BEGIN Information shown

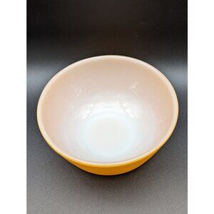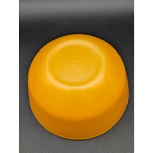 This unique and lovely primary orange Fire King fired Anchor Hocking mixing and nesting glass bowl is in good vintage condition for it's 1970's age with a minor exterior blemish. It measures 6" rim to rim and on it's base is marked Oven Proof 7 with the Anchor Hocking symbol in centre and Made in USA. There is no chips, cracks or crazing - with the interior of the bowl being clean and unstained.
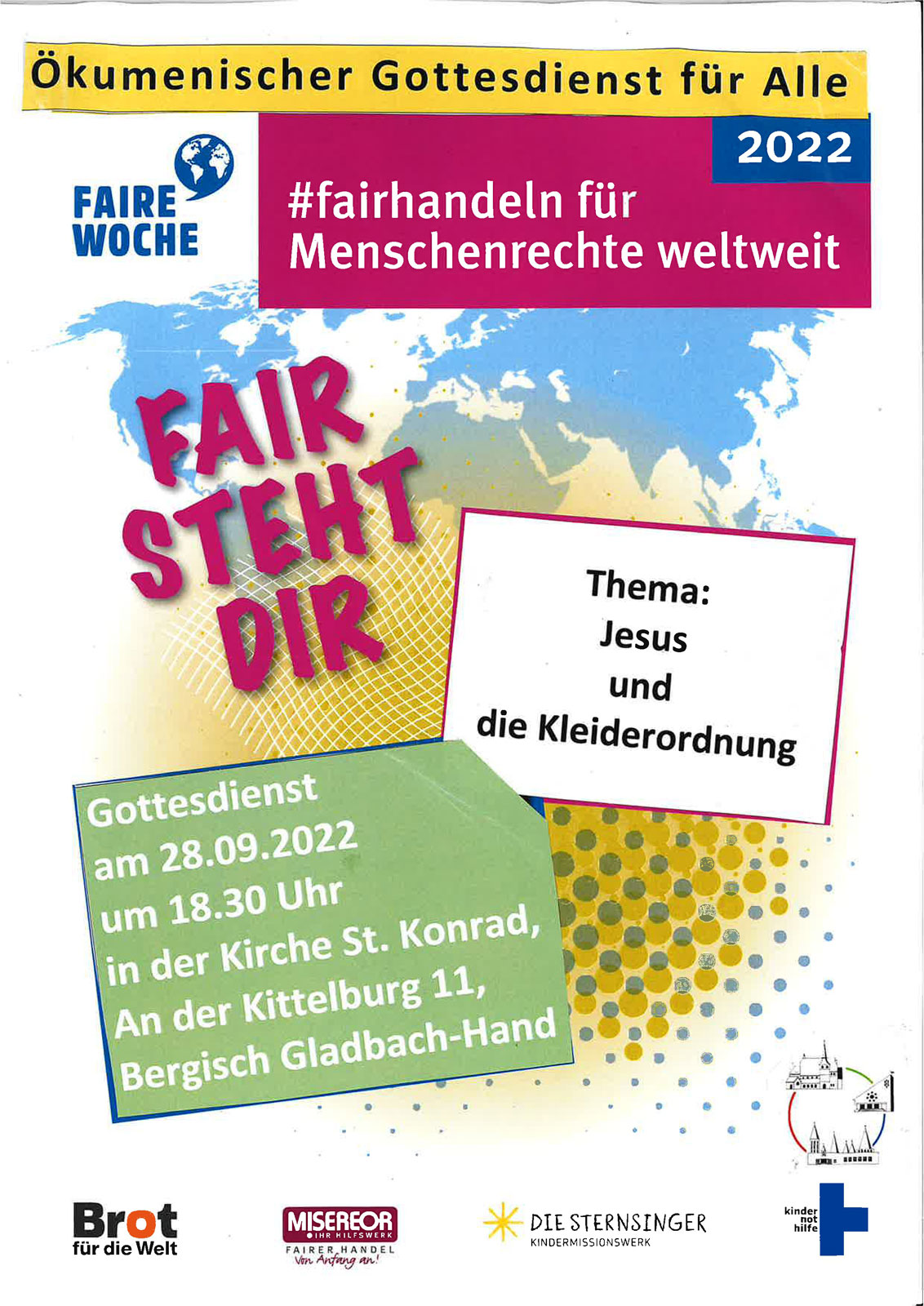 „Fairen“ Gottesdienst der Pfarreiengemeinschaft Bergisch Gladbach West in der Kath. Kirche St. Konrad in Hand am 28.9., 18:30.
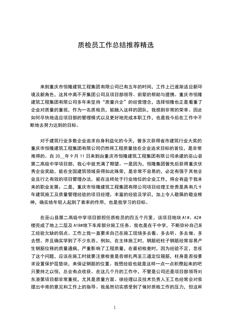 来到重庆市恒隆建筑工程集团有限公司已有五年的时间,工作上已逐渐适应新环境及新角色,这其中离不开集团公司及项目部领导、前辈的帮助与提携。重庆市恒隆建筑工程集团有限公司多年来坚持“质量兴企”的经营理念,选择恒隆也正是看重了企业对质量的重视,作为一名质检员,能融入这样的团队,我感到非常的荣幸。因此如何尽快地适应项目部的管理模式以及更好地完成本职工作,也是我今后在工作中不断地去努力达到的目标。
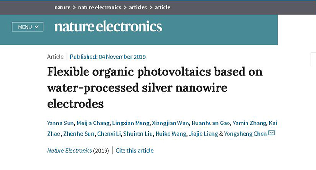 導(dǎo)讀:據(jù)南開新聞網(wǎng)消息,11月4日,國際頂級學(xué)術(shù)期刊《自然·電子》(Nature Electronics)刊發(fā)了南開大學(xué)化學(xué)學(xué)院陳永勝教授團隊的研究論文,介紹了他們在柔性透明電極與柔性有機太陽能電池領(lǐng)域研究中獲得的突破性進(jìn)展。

END Information shown

Copy exactly what appears from the line holding "am 28.9., 18:30." to the end of the material, keeping both end lines. Pictures are not part of the copy.

 „Fairen“ Gottesdienst der Pfarreiengemeinschaft Bergisch Gladbach West in der Kath. Kirche St. Konrad in Hand am 28.9., 18:30.
 来到重庆市恒隆建筑工程集团有限公司已有五年的时间,工作上已逐渐适应新环境及新角色,这其中离不开集团公司及项目部领导、前辈的帮助与提携。重庆市恒隆建筑工程集团有限公司多年来坚持“质量兴企”的经营理念,选择恒隆也正是看重了企业对质量的重视,作为一名质检员,能融入这样的团队,我感到非常的荣幸。因此如何尽快地适应项目部的管理模式以及更好地完成本职工作,也是我今后在工作中不断地去努力达到的目标。
 導(dǎo)讀:據(jù)南開新聞網(wǎng)消息,11月4日,國際頂級學(xué)術(shù)期刊《自然·電子》(Nature Electronics)刊發(fā)了南開大學(xué)化學(xué)學(xué)院陳永勝教授團隊的研究論文,介紹了他們在柔性透明電極與柔性有機太陽能電池領(lǐng)域研究中獲得的突破性進(jìn)展。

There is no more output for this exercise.